REPUBLIKA.CO.ID,MEDAN -- Pemerintah diharapkan dapat mengeluarkan akta kelahiran anak dari perkawinan siri karena hal ini merupakan pelaksanaan putusan Mahkamah Konstitusi atas uji Undang-Undang Nomor 1 Tahun 1974 tentang Perkawinan.
"Mahkamah Konstitusi (MK) juga memutuskan anak yang lahir di luar pernikahan tetap memiliki hubungan perdata dengan ayah kandung sepanjang dapat dibuktikan," kata dosen hukum Universitas Sumatera Utara (USU) Prof. Dr. Syafruddin Kalo di Medan, Sabtu (2/12).
Anak pernikahan siri tersebut, menurut dia, dapat menuntut hak perdata dari ayahnya. Hal ini sesuai dengan putusan MK itu.
"Jadi, pemerintah dapat menerbitkan akta kelahiran dan mencatat nama ayah dari anak hasil pernikahan siri tersebut," ujar Syafruddin.
Setelah keluarya putusan MA itu, menurut dia, tidak ada alasan anak yang dilahirkan dari perkawinan siri sulit mendapatkan akta kelahiran sebagai syarat kewarganegaraan di Republik Indonesia.
Selain itu, pemerintah harus dapat melaksanakan putusan MK yang membenarkan anak dari hasil perkawinan siri, dan diperbolehkan untuk memperoleh akta kelahiran.
"Hal ini merupakan implikasi atas putusan MK yang menyatakan ayah mempunyai tanggung jawab perdata terhadap anaknya meskipun anak tersebut di luar nikah," kata Guru Besar Fakultas Hukum USU ini.
Syafruddin juga menyarankan agar membuat peraturan pemerintah (PP) sebagai dasar hukum pelaksanaan peraturan bahwa anak hasil perkawinan siri itu bisa mendapat akta kelahiran.
Oleh karena itu, kata dia, saat ini anak-anak yang hasil perkawinan siri tidak perlu merasa cemas tidak mendapatkan akta kelahiran.
"Pemerintah diharapkan dapat merealisasikan putusan MK tentang pemberian akta kelahiran kepada anak hasil perkawinan siri itu," kata staf pengajar pada Fakultas Hukum USU itu.

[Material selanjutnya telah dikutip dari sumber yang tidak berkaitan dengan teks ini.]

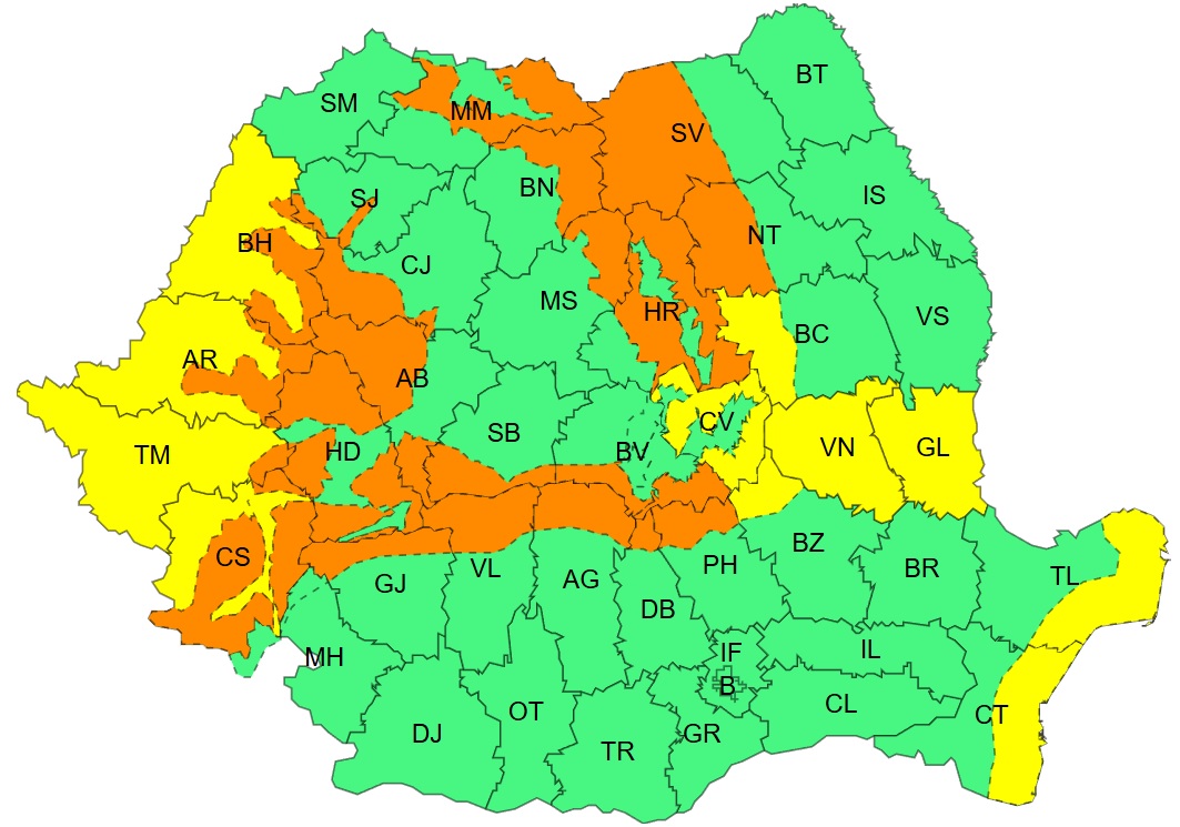 - Cod Galben de vânt în Banat, Crișana, sudul Moldovei și pe litoral, cu viteze de 50-70 km/h.

Sebelumnya, perkawinan siri dinilai berdampak dan merugikan hak perdata anak yang dilahirkan dari proses perkawinan tersebut, kata Ketua Umum Komisi Nasional Perlindungan Anak Arist Merdeka Sirait.
"Perkawinan siri itu dapat berdampak terhadap pelanggaran pada anak, khususnya hak perdata anak," kata Arist di Jakarta.
Ia menjelaskan anak yang dilahirkan dari perkawinan siri sulit mendapatkan akta kelahiran sebagai syarat kewarganegaraan di Republik Indonesia karena perkawinan orang tuanya tidak terdaftar.